# [Work instructions]
From the first line to the last, retype everything below exactly, minus the pictures.

# [Data provided]
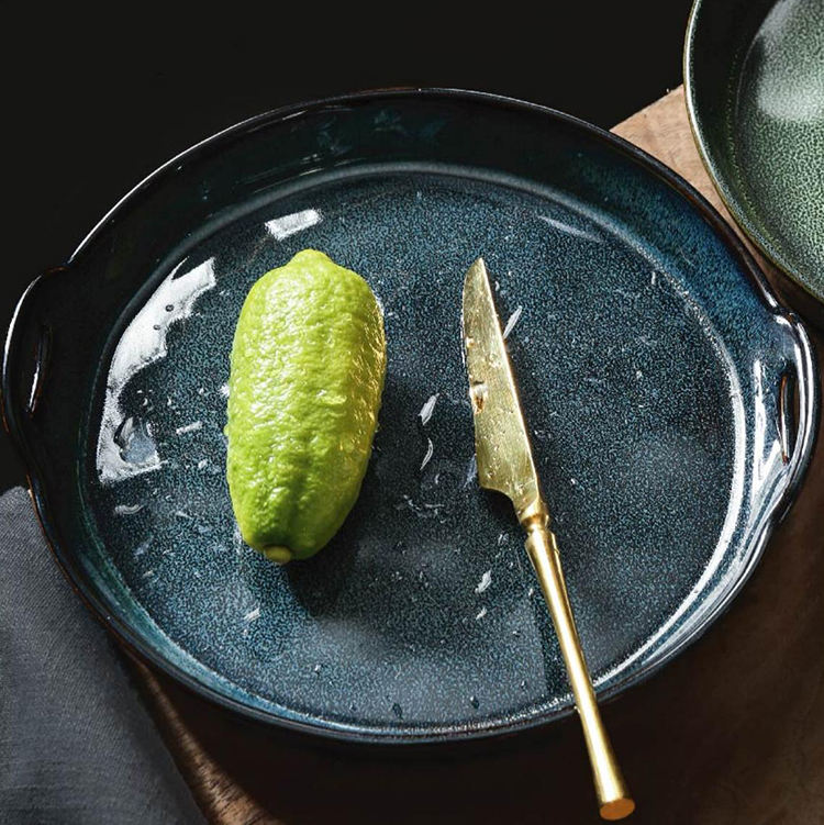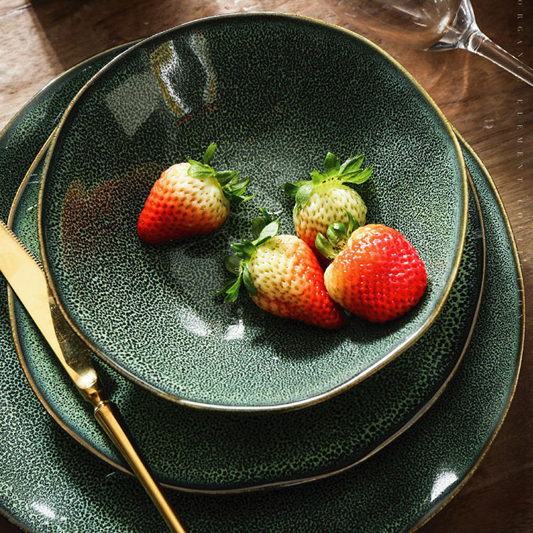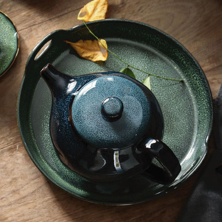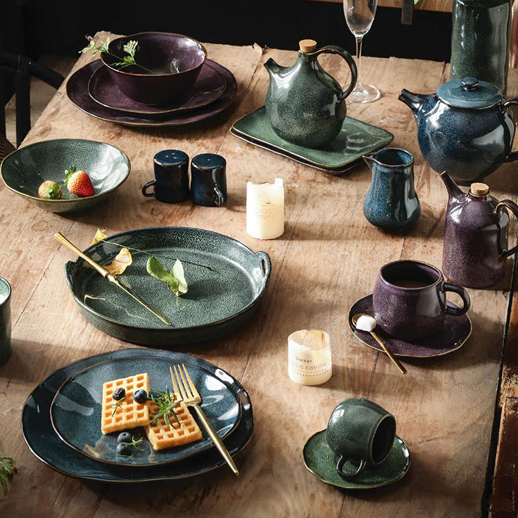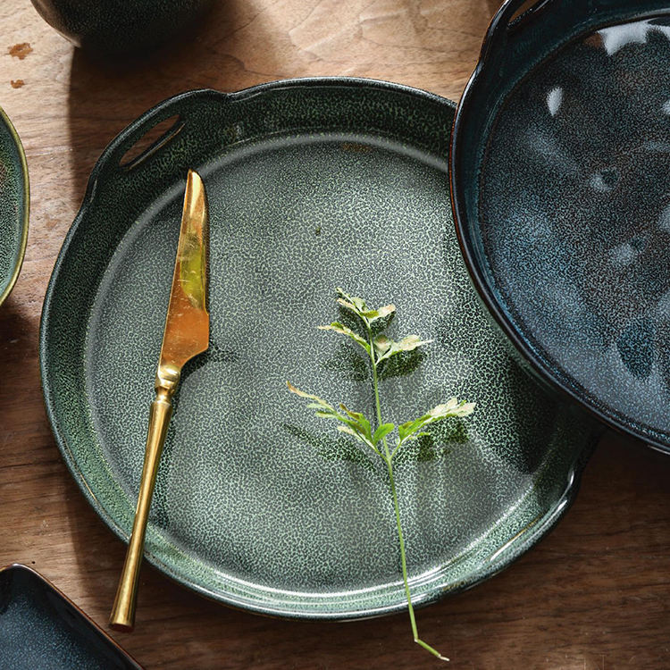 วินเทจเคลือบปฏิกิริยาสีเขียวสีฟ้าพอร์ซเลนบนโต๊ะอาหารเซรามิกชุดอาหารค่ําชุดจานชุดอาหารเย็นสําหรับร้านอาหาร
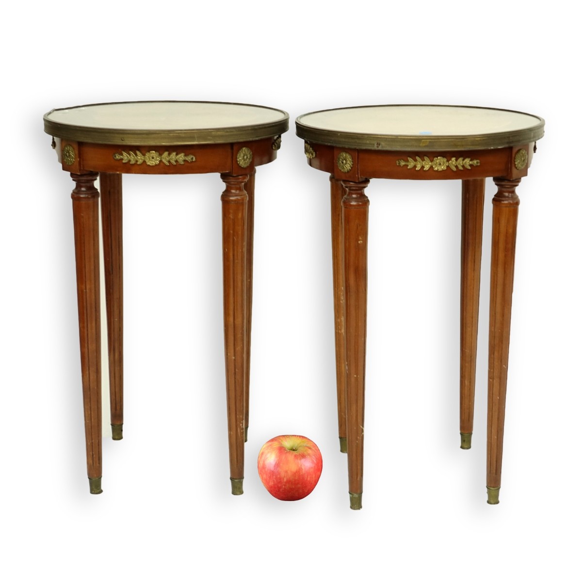 Pair of Antique Style French Side Tables with Brass Mounts. Measures 24-1/2" H x 15-3/4" dia. Condition: Some scratches to legs, small inclusion to glass top otherwise good condition Estimate: $50.00 - $100.00 Domestic Shipping: Third party
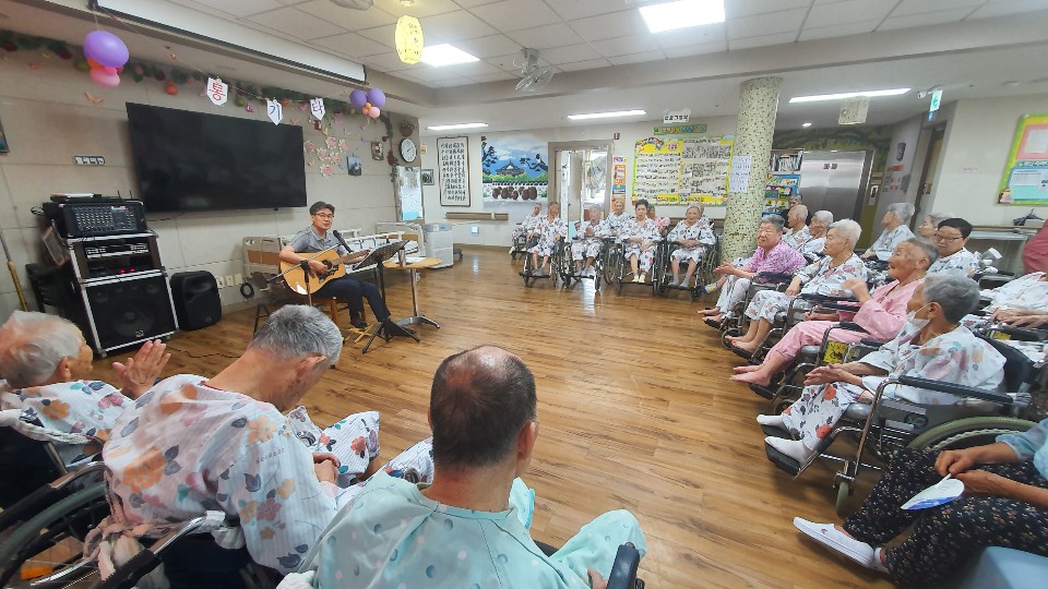 고령영생요양원 김영규 원장님은 매달 어르신에게 추억의 통기타 공연을 준비해 주십니다. 흘러간 옛노래 어르신들이 좋아하는 노래로 추억의 시간을 회상하며 정겨운 시간을 보내십니다. 재미난 입담과 함께 ~~ 귀도 즐거운 시간 추억의 통기타 음악시간으로 들어가 봅니다. |

# [The answer]
 วินเทจเคลือบปฏิกิริยาสีเขียวสีฟ้าพอร์ซเลนบนโต๊ะอาหารเซรามิกชุดอาหารค่ําชุดจานชุดอาหารเย็นสําหรับร้านอาหาร
 Pair of Antique Style French Side Tables with Brass Mounts. Measures 24-1/2" H x 15-3/4" dia. Condition: Some scratches to legs, small inclusion to glass top otherwise good condition Estimate: $50.00 - $100.00 Domestic Shipping: Third party
 고령영생요양원 김영규 원장님은 매달 어르신에게 추억의 통기타 공연을 준비해 주십니다. 흘러간 옛노래 어르신들이 좋아하는 노래로 추억의 시간을 회상하며 정겨운 시간을 보내십니다. 재미난 입담과 함께 ~~ 귀도 즐거운 시간 추억의 통기타 음악시간으로 들어가 봅니다. |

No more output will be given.